What we found wasn't one broken thing, it was a system that had grown without a coherent experience strategy behind it. Invoices led to blank pages. Breadcrumbs disappeared mid-flow. Users trying to add a device were redirected out of the purchase flow entirely by a link that opened a new window instead of a modal. Each issue in isolation was a bug. Together they were a signal that the experience had never been owned end-to-end.

Key Insight: The experience wasn't broken. It was unmanaged. Those are two different problems with two very different solutions.


Research & Process

Scope

We mapped three primary user flows that represented the highest-frequency jobs customers came to the platform to complete: purchasing a new device, adding a line, and paying a bill. Each flow was walked end-to-end and evaluated against Nielsen's ten heuristic standards.

Heuristic Evaluation

Every screen in each flow was evaluated and findings were triaged into three severity levels Good, Needs Work, and Critical. Critical findings were those that actively blocked task completion or removed users from the experience entirely. Needs Work findings degraded confidence and clarity without fully breaking the flow.

Opportunities Framework

Findings were synthesized into five strategic opportunity pillars: Journey, Data, Content, Support, and Tools. This framing translated UX findings into business language that strategists and PMs could take directly into client conversations.


Findings & Recommendations

The most significant finding was the pattern. Across all three journeys, the same heuristics failed repeatedly: consistency and standards, error prevention, and navigation and structure. That repetition told us this wasn't a design execution problem. It was a systems problem. No one had ever owned the experience holistically.

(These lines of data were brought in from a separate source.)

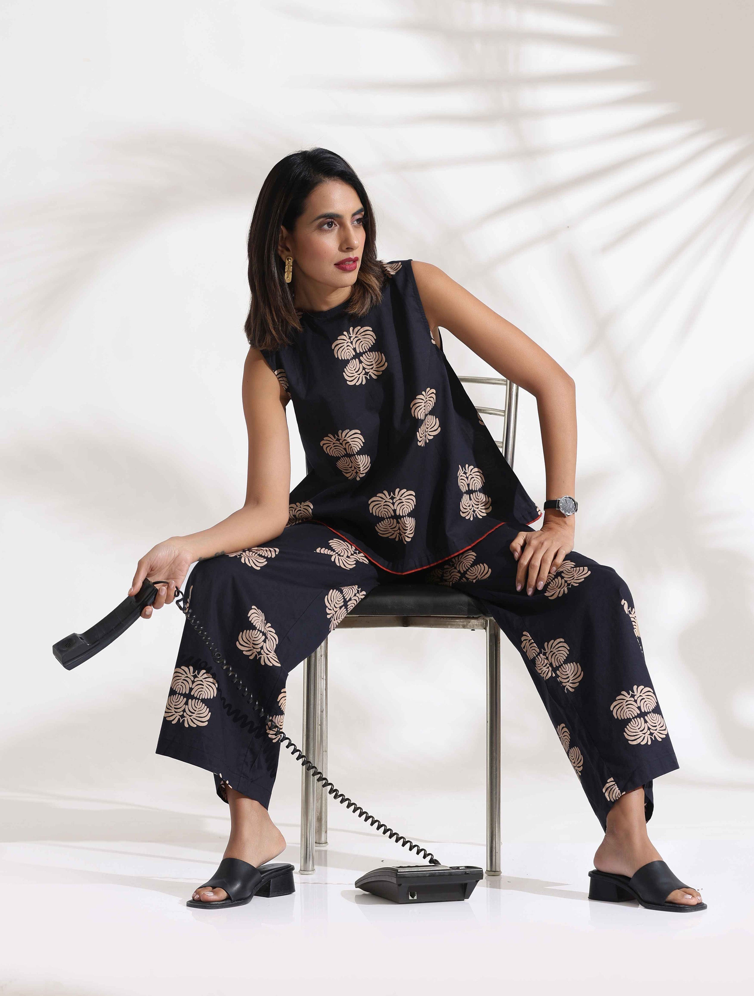 - Step into effortless elegance with this black cotton print top and printed flared pant co-ord set. This ensemble combines modern chic with timeless comfort, making it your perfect go-to for any occasion where you want to make a statement.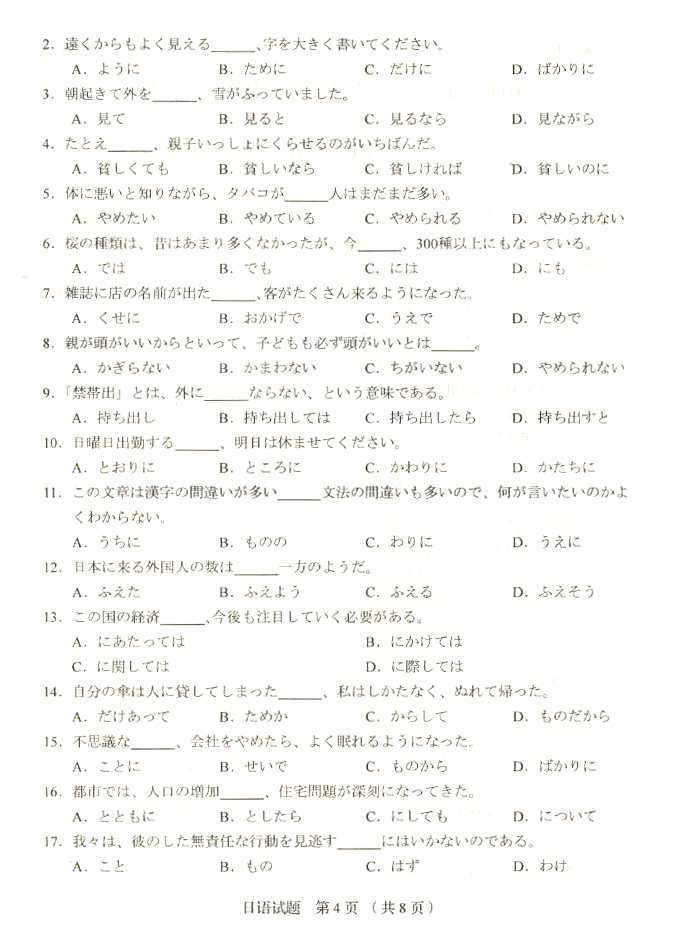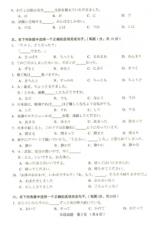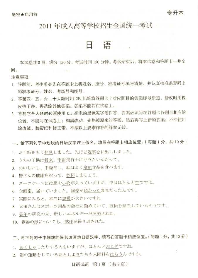 2011年全国成人高考专升本《日语》试题及答案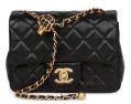 Pearl Crush Mini Square Flap Bag Black Lambskin Antique Gold Hardware

High-level recommendations were organized around five themes: proactivity, support, navigation and findability, content clarity, and tailored experiences. Quick wins such as consistent breadcrumbs, simplified pathing, and natural language content were identified separately from longer-term strategic investments like personalization and AI-assisted support.

Impact

The audit deliverables were used by strategy and product leadership to re-engage the client and make the case for a broader design partnership. The work demonstrated not just where the experience was failing, but what a prioritized path forward could look like and why it mattered at a business level.


Reflection

This project taught me something important about the difference between thoroughness and usefulness. A comprehensive audit is only valuable if the people receiving it feel equipped to act and not just file it away as a to-do list. I learned to organize findings around opportunity rather than failure, and to speak the language of the people who have to carry the work forward after you leave the room.

It also reinforced that the most senior thing a designer can do sometimes isn't design anything at all. It's seeing the full system clearly, and helping others see it too.